Edge-Aware Hybrid-Action Reinforcement Learning for Latency-Sensitive Cooperative Bus Signal Priority in Vehicular Edge Networks
DOI:
https://doi.org/10.64509/jicn.23.133Keywords:
Vehicular Edge Computing, Edge Intelligence, Deadline-Aware Control, Bus Signal Priority, Hybrid-Action Reinforcement Learning, Multi-Agent Traffic Signal ControlAbstract
Dense short-block road networks require bus signal priority (BSP) decisions to be generated and delivered within short and reliable control windows. This paper presents Edge-HyAR-BSP, a deadline-aware cooperative BSP framework that supports edge-side execution in vehicular edge networks. Roadside edge nodes perform decentralized low-latency inference, while the cloud supports centralized training and model updates. The framework represents each priority decision as a coupled phase-duration action and checks its executability under bus ETA, signal-safety, compensation, and edge-side deadline constraints. Green extension, red truncation, and cross-cycle compensation are integrated to improve bus passage while limiting disturbance to general traffic. The project platform covers 102 signalized intersections in the Rongdong District of Xiong'an New Area.
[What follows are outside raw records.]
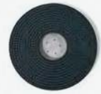
442237 Pad holder for steel wool - With textured rubber surface - 17" - Ø 430 mm CM43 F Orbital 109889 * CM43 F Orbital Spray 109890 *
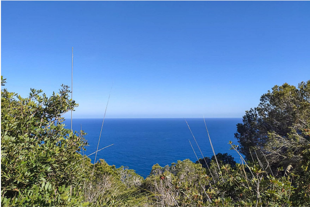
Fantastic sea view!
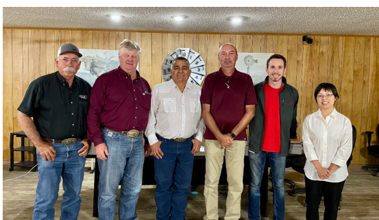
Water Welling Testing in Duval County
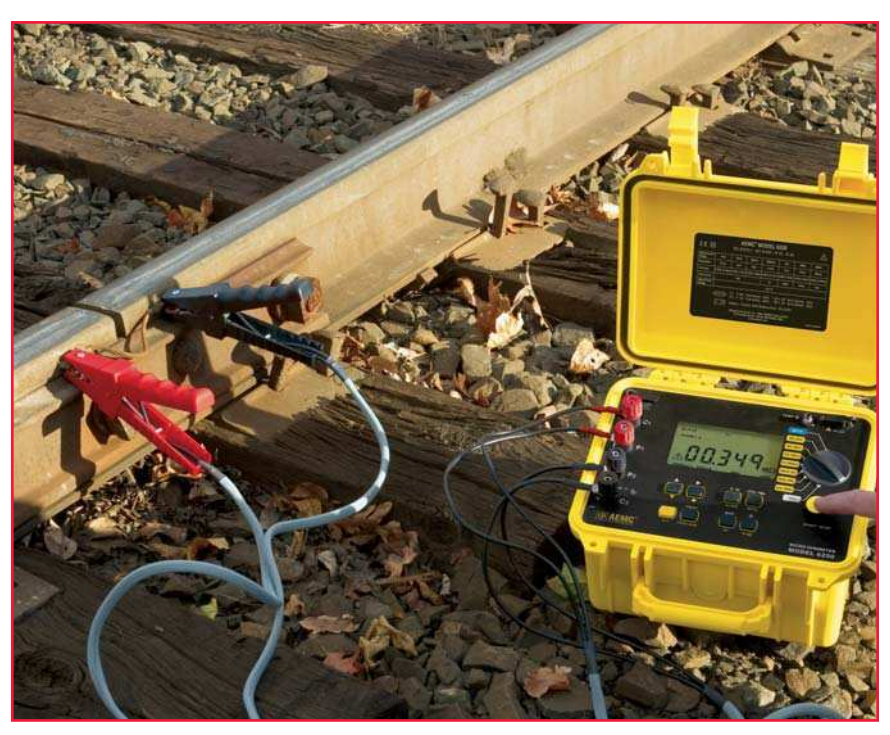
Verifying rail bonds with the Model 6250
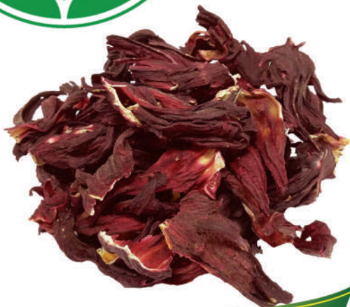
کرکدیه زهر Hibisucs Flowers
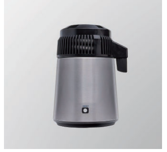
Water Distiller (optional)
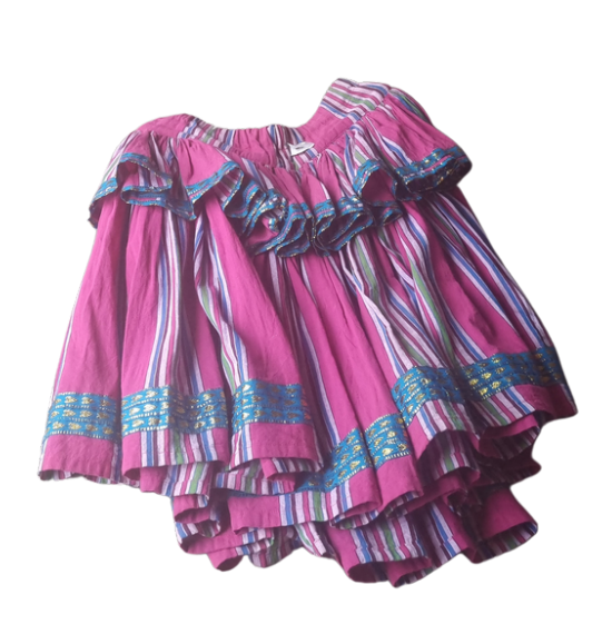
Wrap Skirt all sizes
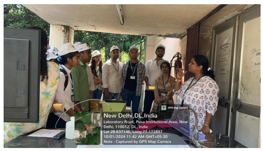
Students visit to CSIR "National Physical Laboratory"
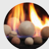
RBCB1 Multi-Colored Cannonballs

Detailed operational evaluation is conducted on a 15-intersection corridor served by Route 302, while robustness and ablation analyses are performed in simulation using a topology derived from the 102-intersection network. In the selected pre-/post-deployment periods, bus speed increased by 14.64%-30.09%, aggregate bus delay decreased by 38.28%-65.13%, and bus stops decreased by 42.01%-58.62%. Edge deployment reduced mean end-to-end decision latency from 89.7 ms to 24.6 ms. Simulation results show gradual degradation under increased delay, packet loss, and workload. The findings provide operational case-study evidence for the feasibility of edge-aware hybrid-action BSP, while broader multi-route and cross-city validation remains necessary.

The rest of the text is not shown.